To prepare for a significant gold advance, you can directly buy bullion and coins well above the spot price on COMEX futures or the official London fix. Frankly, something of a shortage globally of physical metals has existed since the start of the COVID-19 pandemic.
However, the best option for brokerage portfolios is still bullion-linked ETFs if you’re looking for easy and affordable ways to gain ownership and exposure. My two favorites are also the two biggest in this space, the one SPDR Gold Shares ETF (NYSEARCA:GLD) and iShares Gold Trust ETF (IAU). I own these names and others personally.
On the 1-year graphs below you can see decent trends in the Accumulation/distribution line and On balance volume readings for both gold bullion ETFs. Also, I have drawn a comparison line against Bitcoin prices. The two gold picks have “outperformed” Bitcoin by +267% over the past 12 months!
Final thoughts
Could my forecast turn out to be wrong? To some extent it could. It is possible that neither Bitcoin nor gold will fall/rise much in 2023, if a recession does not occur. In this case, price convergence may not take place for two or three years. However, booms in things/assets with little underlying value or utility have inevitably gone all the way back, close to zero for price (after you turn off your computer, cryptos are relegated to an idea in your head).
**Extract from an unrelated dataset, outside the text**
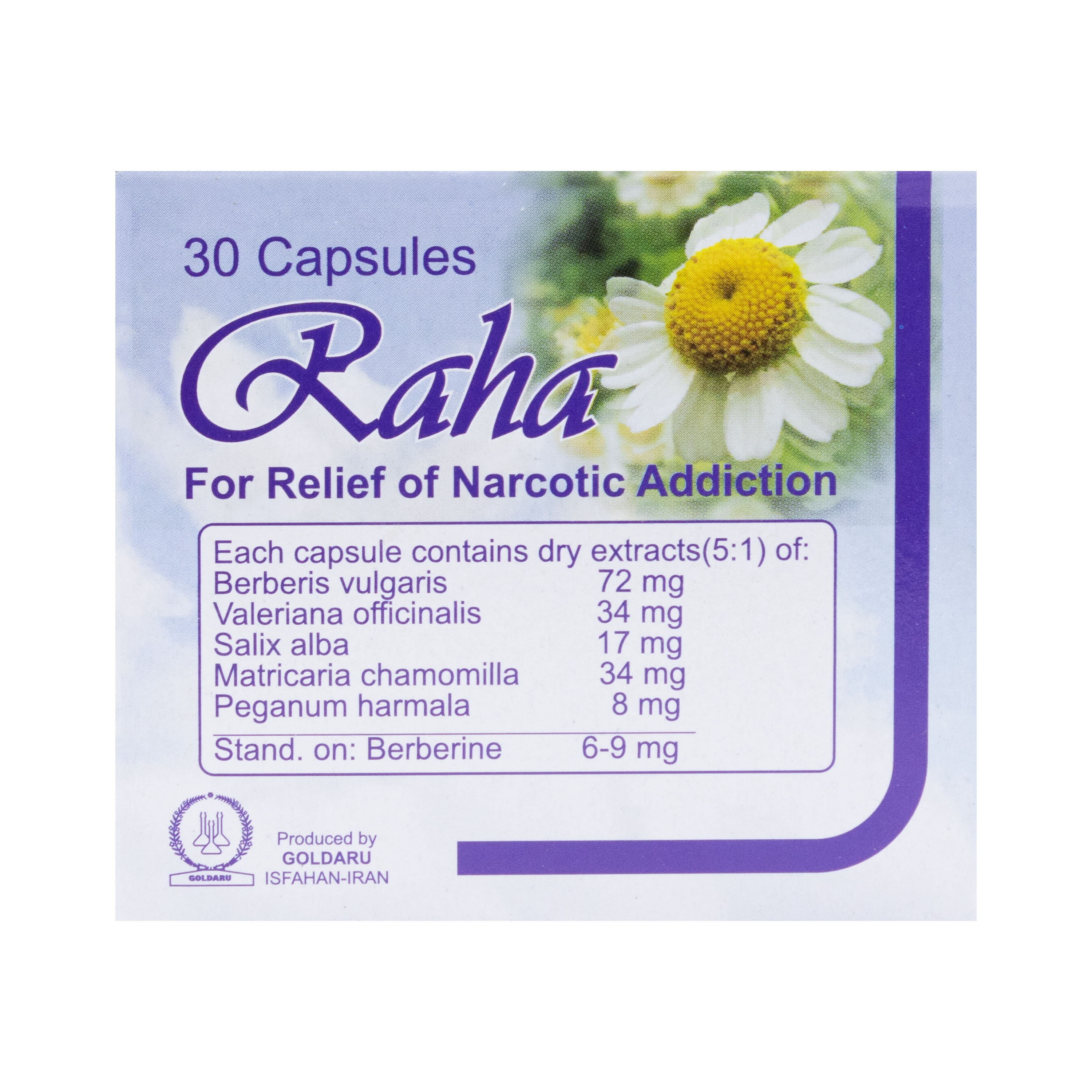 عصاره خشک ریشه زرشک، عصاره خشک سنبل الطیب، عصاره خشک بابونه، عصاره خشک بید، عصاره خشک اسفند استاندارد شده: برحسب ۹-۶ میلی گرم بربرین

It is the clear history of fads and fads throughout human time, regarding widespread speculation in beanie babies, or tulips, or dotcom stocks with no earnings/sales, or today’s cryptocurrency experiments supported only by fantastic computer code and blind faith.
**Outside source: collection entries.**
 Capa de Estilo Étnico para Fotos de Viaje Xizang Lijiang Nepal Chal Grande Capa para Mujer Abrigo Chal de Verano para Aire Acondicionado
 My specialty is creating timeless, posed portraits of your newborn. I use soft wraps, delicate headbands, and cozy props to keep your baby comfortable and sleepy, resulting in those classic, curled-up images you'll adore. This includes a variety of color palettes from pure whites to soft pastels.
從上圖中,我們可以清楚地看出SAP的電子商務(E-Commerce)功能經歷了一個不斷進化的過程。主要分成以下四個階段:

I’d rather go with a proven winner throughout history. Gold has been accepted as a form of wealth and currency long before Jesus or Muhammad or Buddha. You can use gold in jewelry. It is important for electronics and industrial applications. So if history and philosophical logic are important in your investment decisions, gold will easily outshine Bitcoin for long-term holding value and value.
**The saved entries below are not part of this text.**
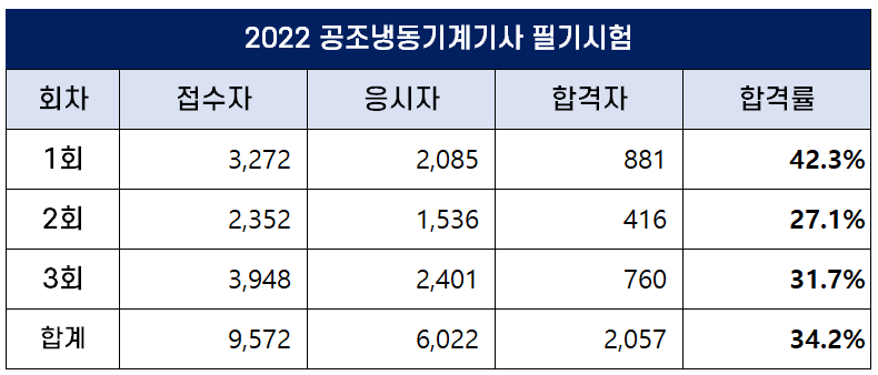 아래 표에서 보는 것처럼 2022년 공조냉동기계기사 필기시험에는 총 9,572명이 원서접수를 했는데요. 이 중 6,022명이 필기시험에 응시했고 2,057명이 합격을 해 평균 합격률은 34.2%입니다.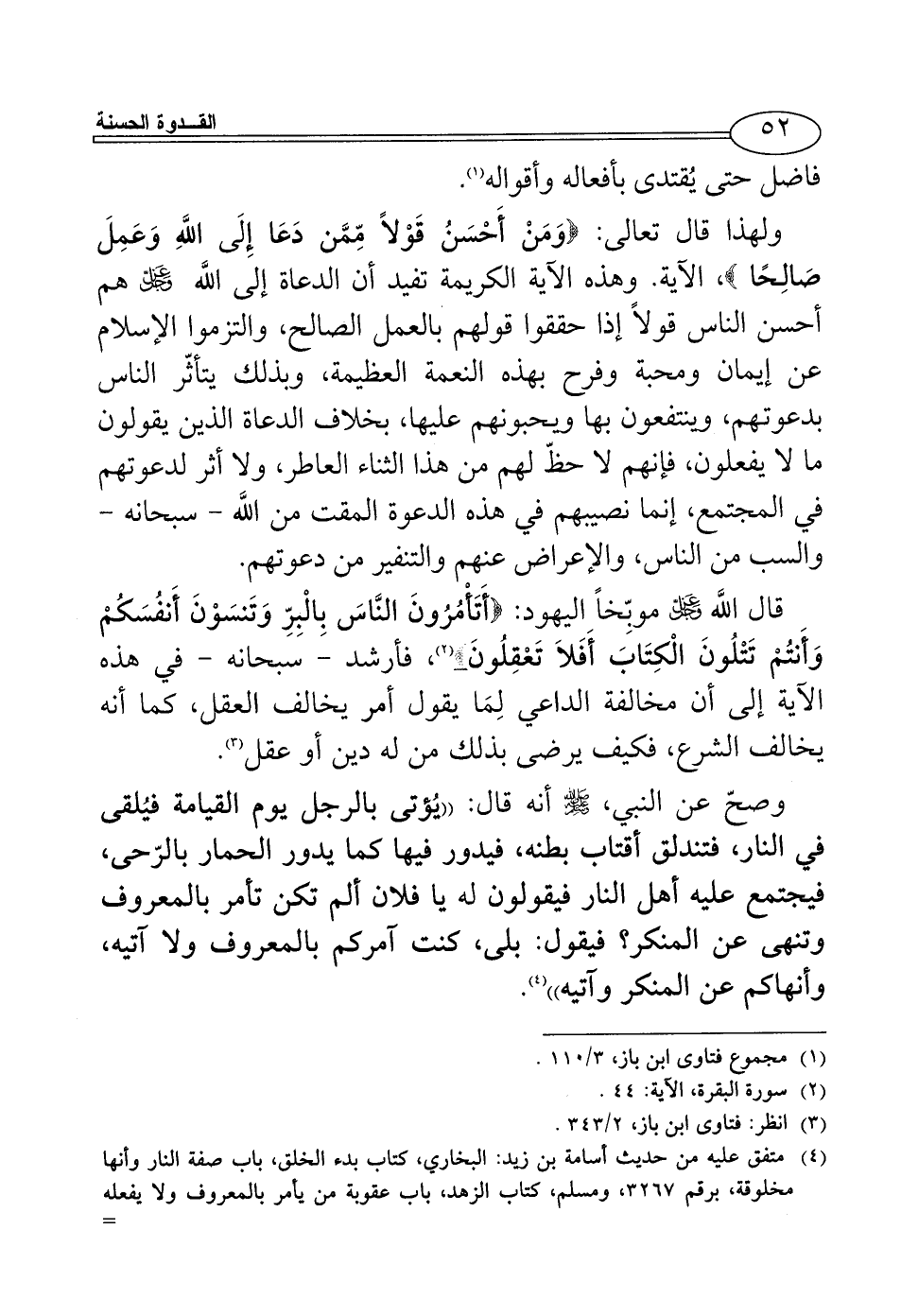 صَالِحًا}، الآية. وهذه الآية الكريمة تفيد أن الدعاة إلى اللَّه - عز وجل - هم أحسن الناس قولاً إذا حققوا قولهم بالعمل الصالح، والتزموا الإسلام عن إيمان ومحبة وفرح بهذه النعمة العظيمة، وبذلك يتأثّر الناس بدعوتهم، وينتفعون بها ويحبونهم عليها، بخلاف الدعاة الذين يقولون ما لا يفعلون، فإنهم لا حظّ لهم من هذا الثناء العاطر، ولا أثر لدعوتهم في المجتمع، إنما نصيبهم في هذه الدعوة المقت من اللَّه - سبحانه - والسب من الناس، والإعراض عنهم والتنفير من دعوتهم.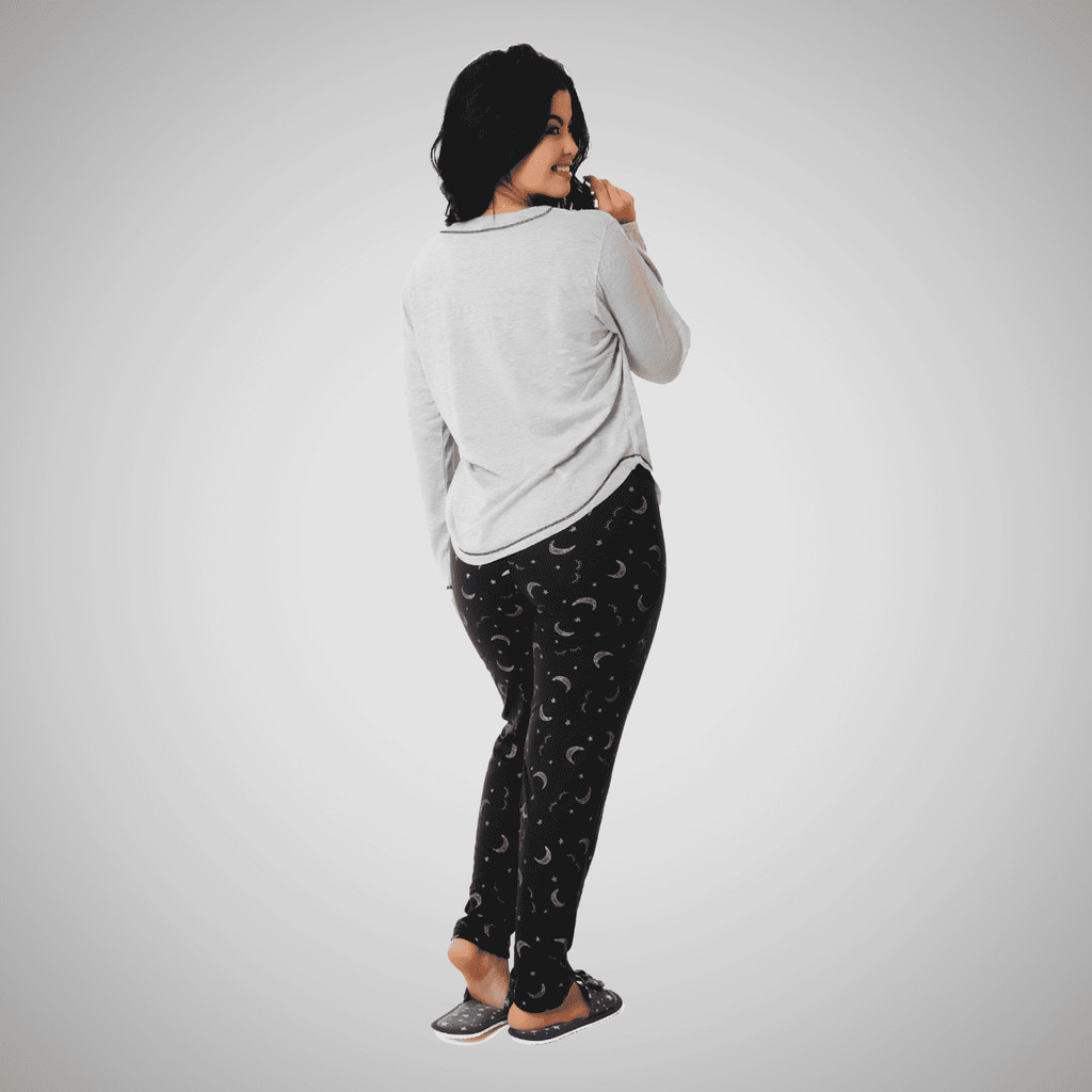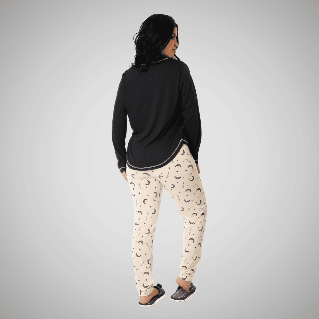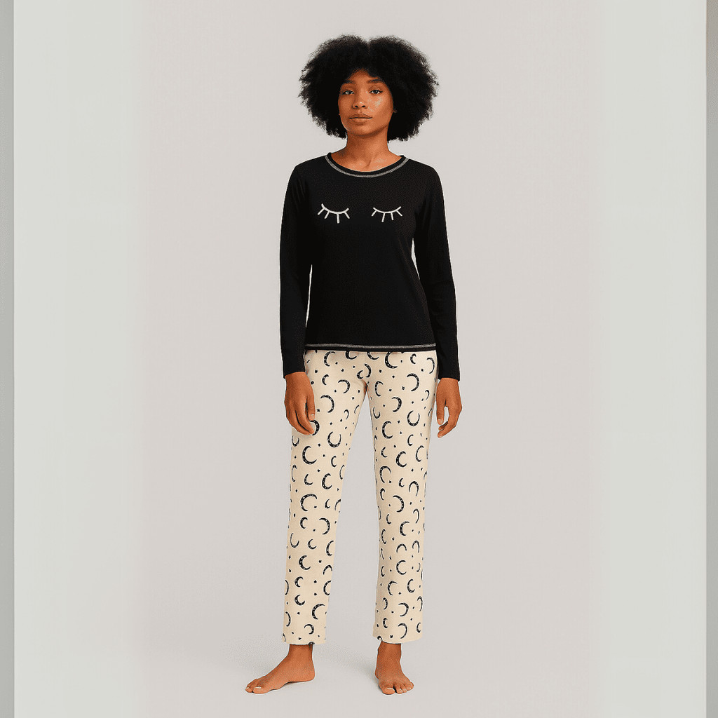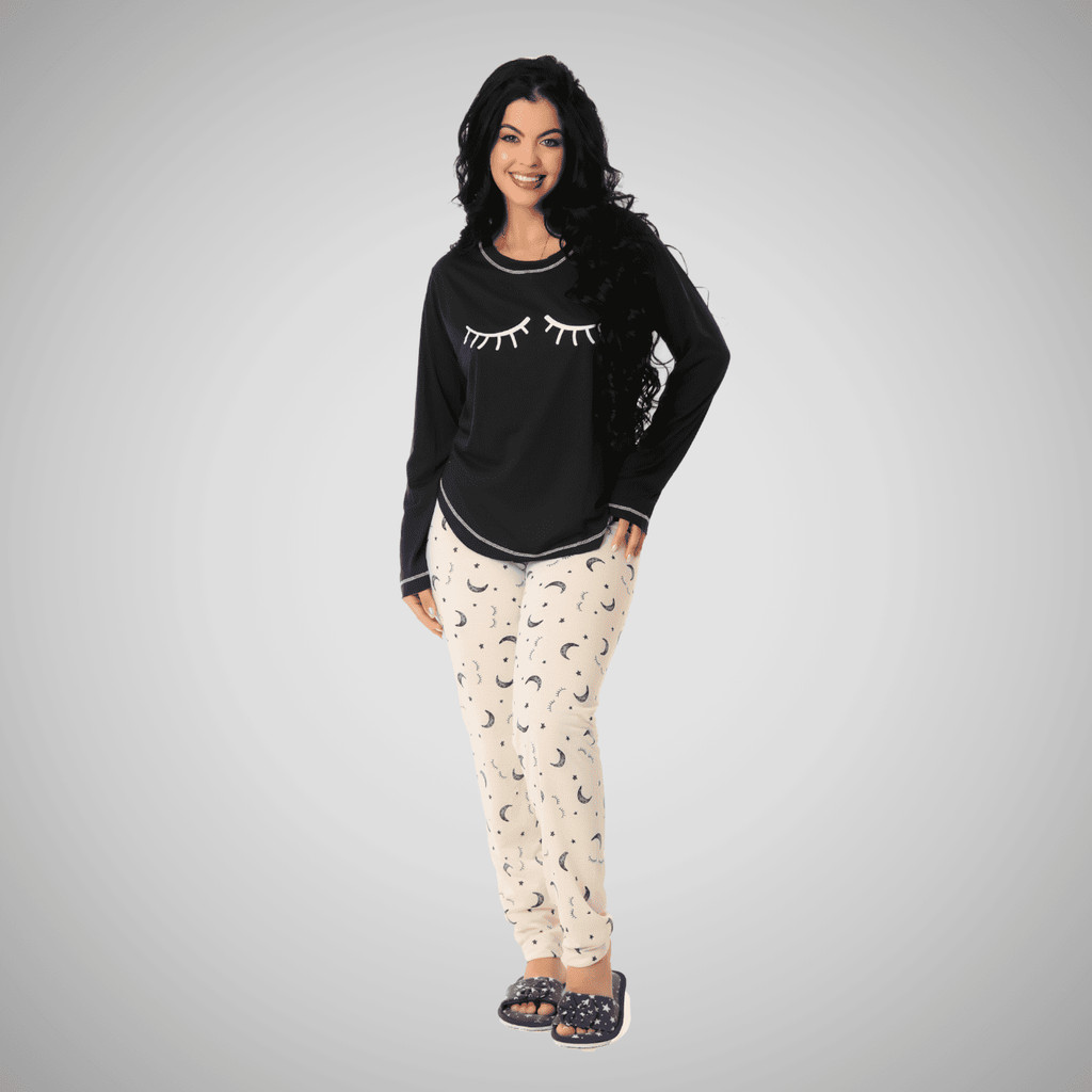 Pijama Longo Feminino Malha Adulto Manga Comprida Cílos Lua

With a world awash in record debt and fiat money, gold should once again stand out as a beacon of investment honesty. Gold/silver bullion are some of my largest financial holdings as a hedge against dollar devaluations in a severe recession scenario. Bankers and government officials seem OK with inflation creeping higher. What if stagflation turns into hyperinflation? How do you prepare?
I firmly believe $5,000 or even $10,000 gold quotes are a certainty over time. The only question is when these numbers will play out. Remember that gold traded at $50 an ounce in 1970 and $275 in 2001. $1759 gold today is only a temporary stepping stone to even higher numbers in the not too distant future. My argument is to count on gold for future asset protection against dollar devaluations, not volatile/controversial Bitcoin or related crypto inventions. Food for thought in any case.
Thank you for reading. Consider this article a first step in the due diligence process. It is recommended to consult a registered and experienced investment advisor before trading.